§ WHAT THE TASK REQUIRES
All pictures are to be omitted while the lines starting at the line with "Colorado Springs downtown" and ending at the line with "We all want to know what is going on here!" in the material below are retyped exactly, both ends included.

(SUPPLIED MATERIAL Opens)

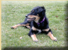
Black & Tan Puppy
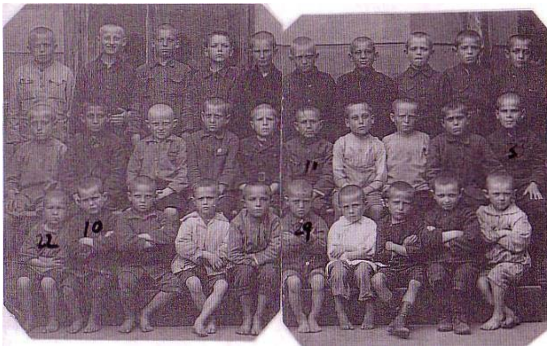
Passport photo of the Ochberg Orphans

I am continuing to collect their memories through the eyes of their children and when I have collected enough of their memories will put them in a separate book which will be a fitting memorial. I invite the children of Ochberg Orphans to contact me at sedsand@ca.com.au with their parent's stories.
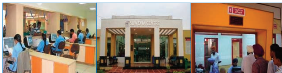
State of art SUWIDHA centres at Jalandhar and Patiala
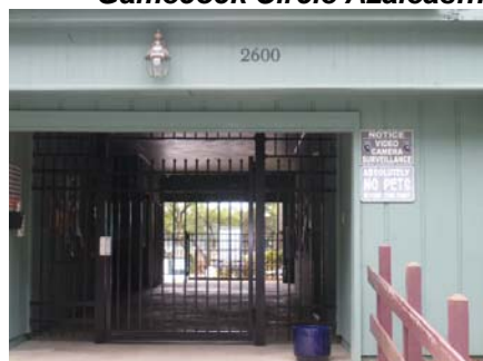
Clubhouse now has address of 2600 Little River Drive
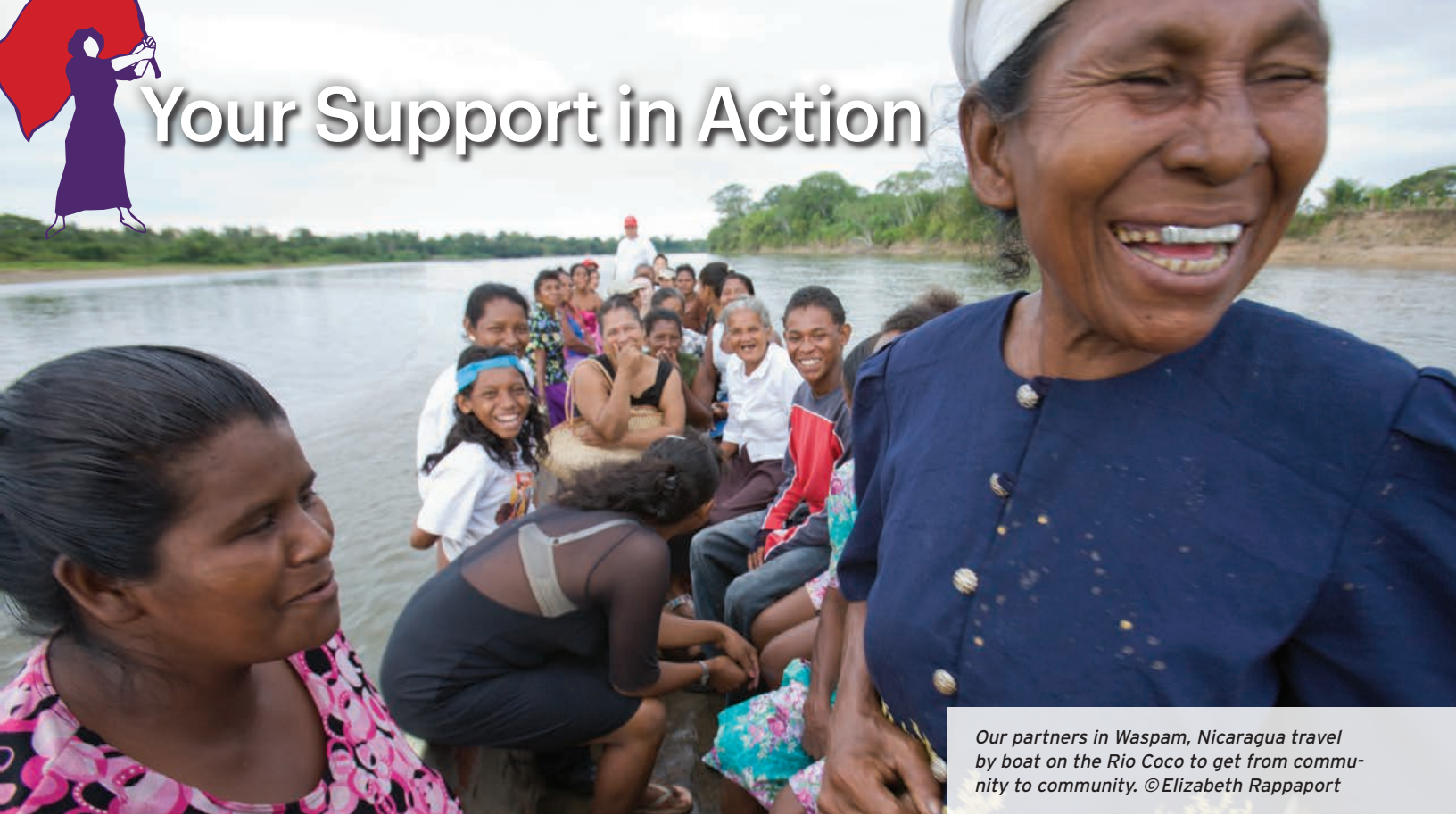
Our partners in Waspm, Nicaragua travel by boat on the Rio Coco to get from community to community.
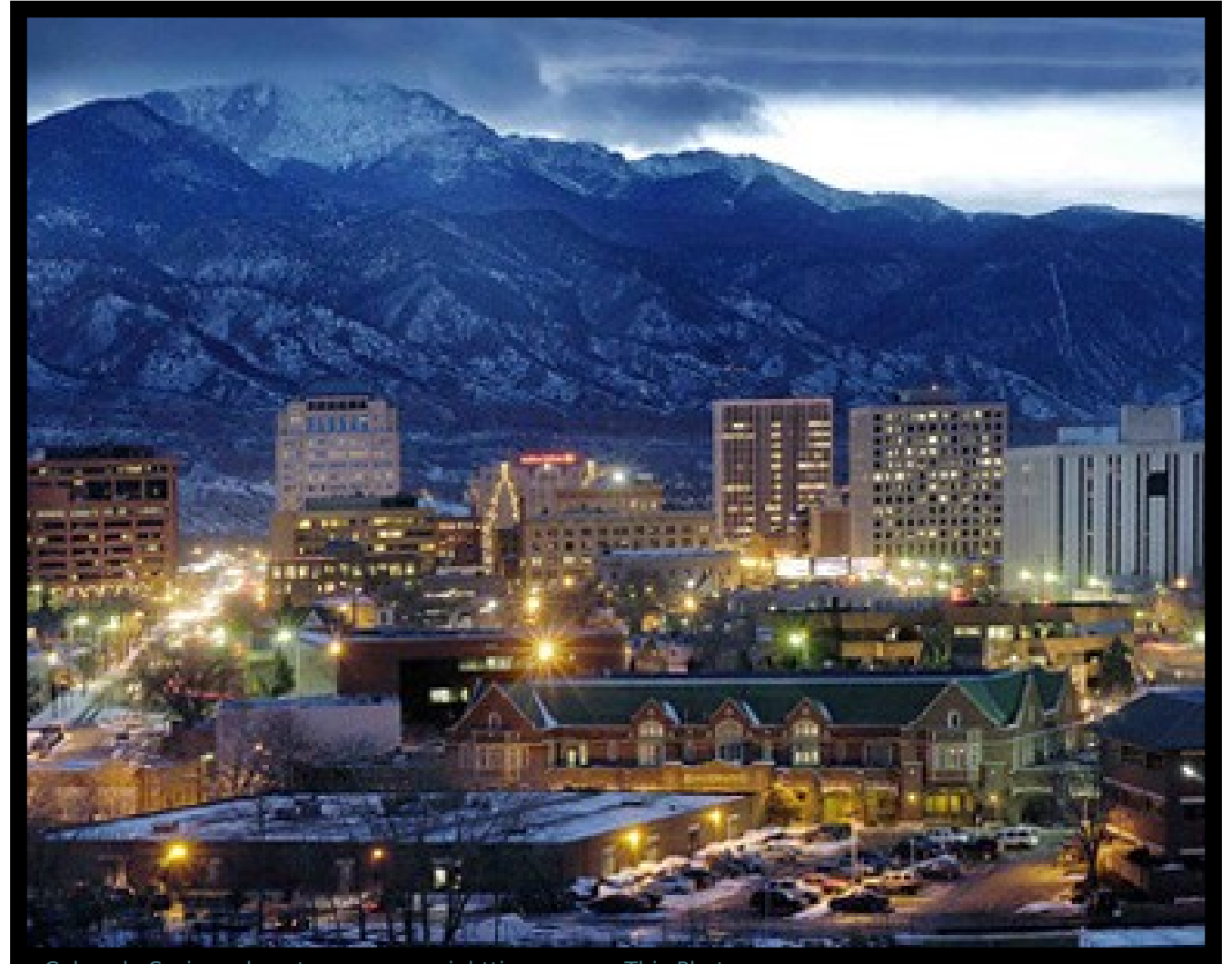
Colorado Springs downtown snowy nighttime scene.
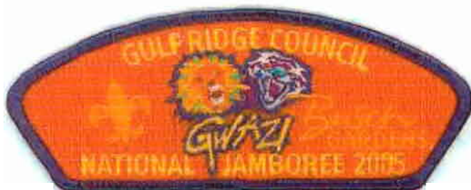
Gulf Ridge Council JSP 2005-A "Gwazi"; theme of "Busch Gardens Rollercoasters".
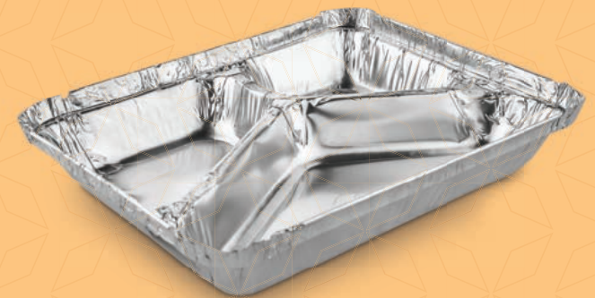
Foil Plus AFC 3 CP
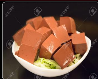
COOKED PIG BLOOD A lot safer and yummier to eat than it sounds
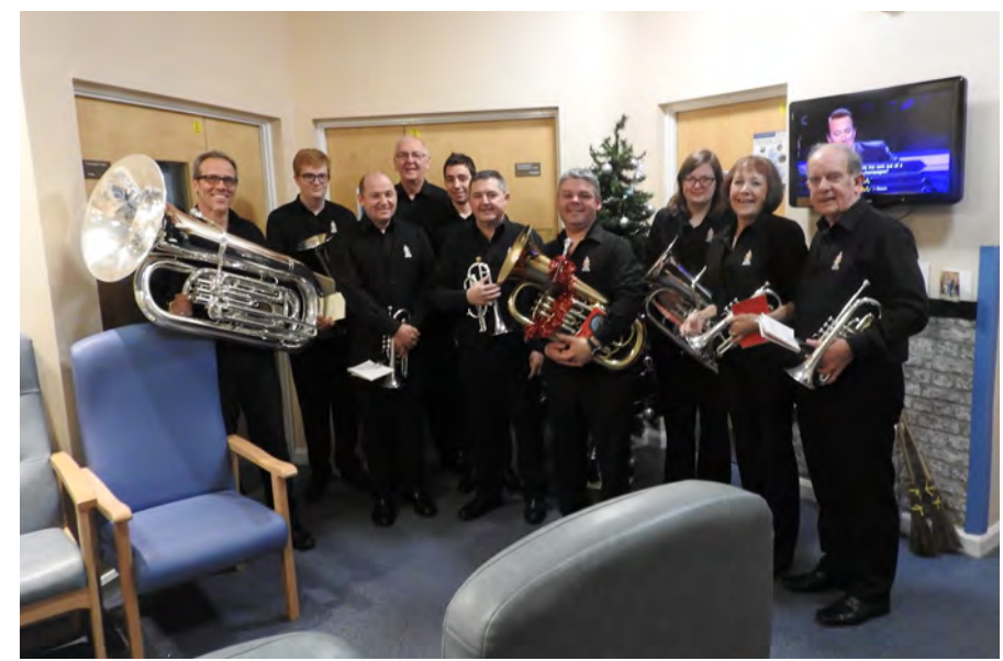
The Band at Loughborough Hospital
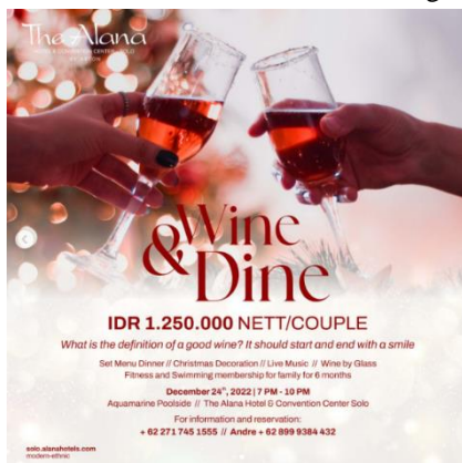
Picture 1. The Detailed Dinner Package Offer

Directive function basically aims to influence someone else’s behavior or action. This copywriting explicitly shows that Alana Hotel requests for the customer to book a seat at its restaurant. This request is shown in the statement “WhatsApp us on +62271 745 1555” so that the customer can find the information and make a reservation through this number. However, it begins with the informational statement before it makes a request statement.
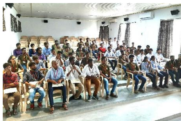
Students gathered for General and Technical Quiz
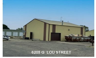
6205 G LOU STREET
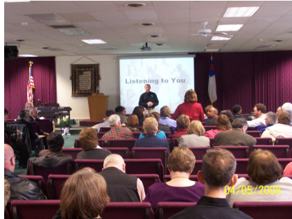
It was a great day of sharing...

when I will not be with you to the end of time.” (Mathew 28:19-20, Wm. Barclay translation)
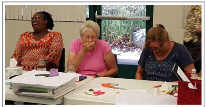
We all want to know what is going on here!
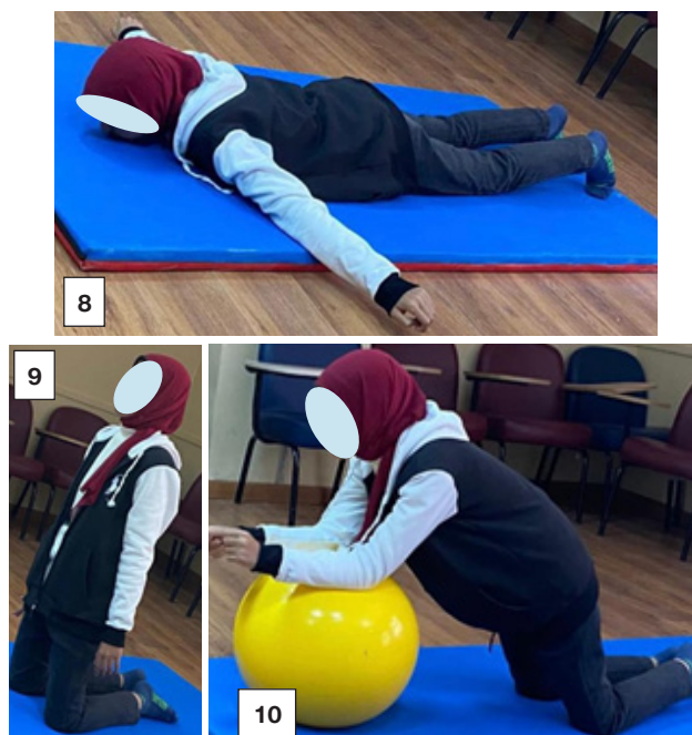
Figure 4. Steps (8, 9, 10) of Pilates exercise

7. Chair expansion: Sit on the mat with your back to the chair. Expand the chest, stabilize the scapula, and place hands on a stepper while raising and lowering the arms.

(SUPPLIED MATERIAL Closes)

§ FINISHED EXERCISE
Colorado Springs downtown snowy nighttime scene.
Gulf Ridge Council JSP 2005-A "Gwazi"; theme of "Busch Gardens Rollercoasters".
Foil Plus AFC 3 CP
COOKED PIG BLOOD A lot safer and yummier to eat than it sounds
The Band at Loughborough Hospital
Picture 1. The Detailed Dinner Package Offer

Directive function basically aims to influence someone else’s behavior or action. This copywriting explicitly shows that Alana Hotel requests for the customer to book a seat at its restaurant. This request is shown in the statement “WhatsApp us on +62271 745 1555” so that the customer can find the information and make a reservation through this number. However, it begins with the informational statement before it makes a request statement.
Students gathered for General and Technical Quiz
6205 G LOU STREET
It was a great day of sharing...

when I will not be with you to the end of time.” (Mathew 28:19-20, Wm. Barclay translation)
We all want to know what is going on here!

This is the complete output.